3. Authors are asked to provide a detailed explanation for their choice of rotor speed, which appears to be lower than that of the latest trends of FESS. In this regard, PMSMs are preferred for HS-FESS due to their performance merits.

4. The resulting dimensions of the auxiliary tooth were obtained by considering a basic sweep analysis, and no further discussion was provided. Considering that the machine has fixed dimensions, and no optimization is carried out, the dimensioning of the auxiliary tooth is not generalizable. Also, the trade-off between SC current and torque capacity of the machine is not properly discussed.
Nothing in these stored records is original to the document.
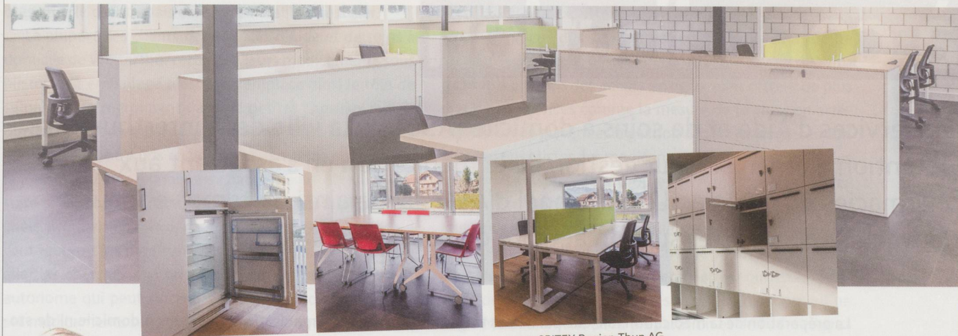
iba en collaboration avec Haworth : projet SPITEX Region Thun AG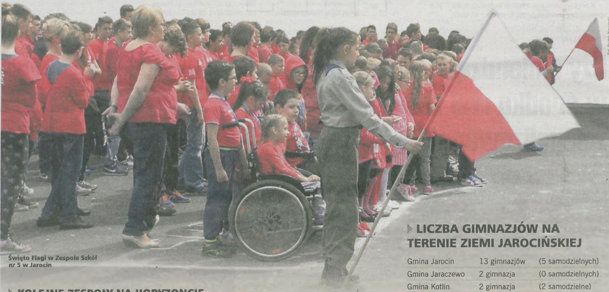
Święto Flagi w Zespole Szkół nr 5 w Jarocin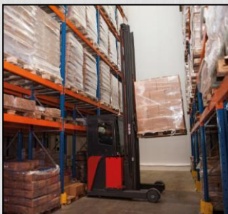
Operação logística realizada na Trino Frio, Pernambuco.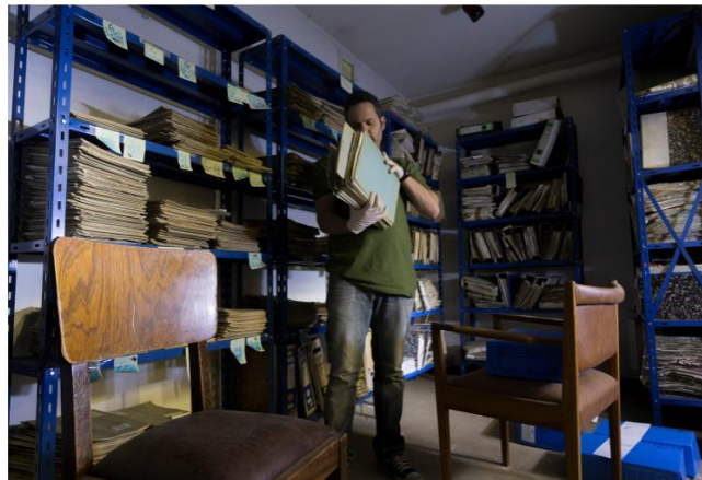
Preparando los legajos para su entrega

Ante todo lo dicho, quedó en evidencia que la Universidad Nacional de Cuyo, gracias a su estabilidad política y autonomía y sumado a la participación y el compromiso en temas de Derechos Humanos, se ha establecido como una institución confiable para la custodia de documentos tan sensibles y propensos a los ataques y vandalismo.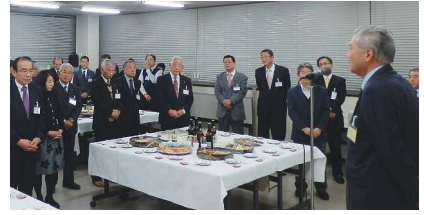
昨年の会員交流会の様子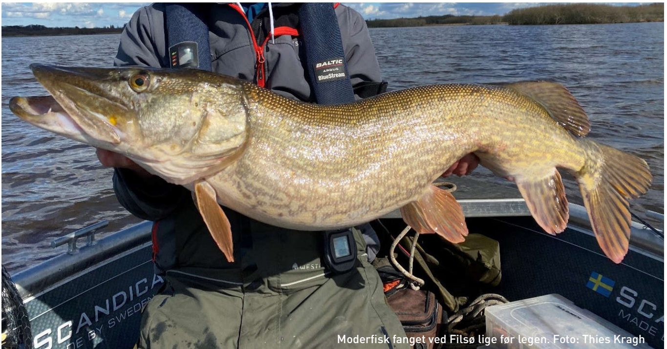
Moderfisk fanget ved Filsø lige før legen.

med Varde Kommune og den lokale Landboforening gennemført en oplandsanalyse, der kortlægger og afgrænser, hvor i oplandet uomsat organisk materiale kommer fra. En løsning kunne være at lade dræne fra de mest belastende områder udmunde i et sumpet område i stedet for direkte i søen. Fonden afventer nu et udspil fra Varde Kommune, som er i dialog med landboforeningen.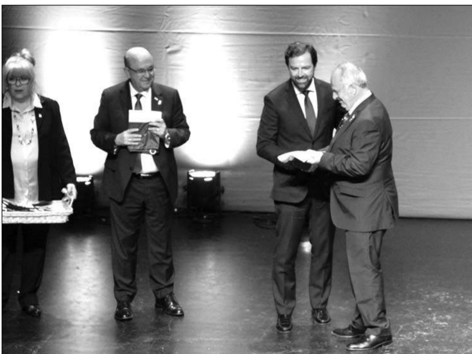
Entrega de banderas de la Diputación,

Authors are encouraged to provide information regarding SC current density as well: a larger auxiliary tooth can result in lower copper utilization, leading to an increase in current density for the same current magnitude. This could be addressed to better disclose the impact of adopting stator auxiliary teeth.

5. In this paper, high reliability is quantified only by the magnitude of SC current, but little evidence is provided to demonstrate this reliability increase when compared to other design alternatives. A numerical indicator should be devised or extracted from literature to disclose the “reliability” variation.

6. There are several pieces of information missing in the Experimental Validation section. The authors need to provide information about the experimental setup, including the specifics of the measuring devices and other relevant equipment.

7. In the Experimental Validation Section, only basic back-emf results are provided, which are not related to the PMSM reliability. Furthermore, authors do not link the experimental results with the discussion of the paper, other than stating that a good match is obtained between FE simulations and experimental testing. Considering that back-emf is a relatively simple variable, the bare minimum is to have a good match between FE simulation and experimental test in the back-emf, but this cannot be related to a good agreement in other performance metrics such as torque capacity, relevant inductances, cogging torque, efficiency, etc. Authors are then expected to better link the experimental results with the scope of the paper and strengthen this section.

8. The conclusion must be completely refocused, since several statements are already well-known from literature. it is well known that adopting a dual three-phase winding and auxiliary teeth in the stator structure contribute to enhance the fault-tolerance capability of a rotary electrical machine, so authors should showcase what the actual contribution of their work is. Also, it is stated that “a prototype was built and tested, which verifies the theoretical analysis and simulation results”, which is far from being true, and further discussion and results should be provided.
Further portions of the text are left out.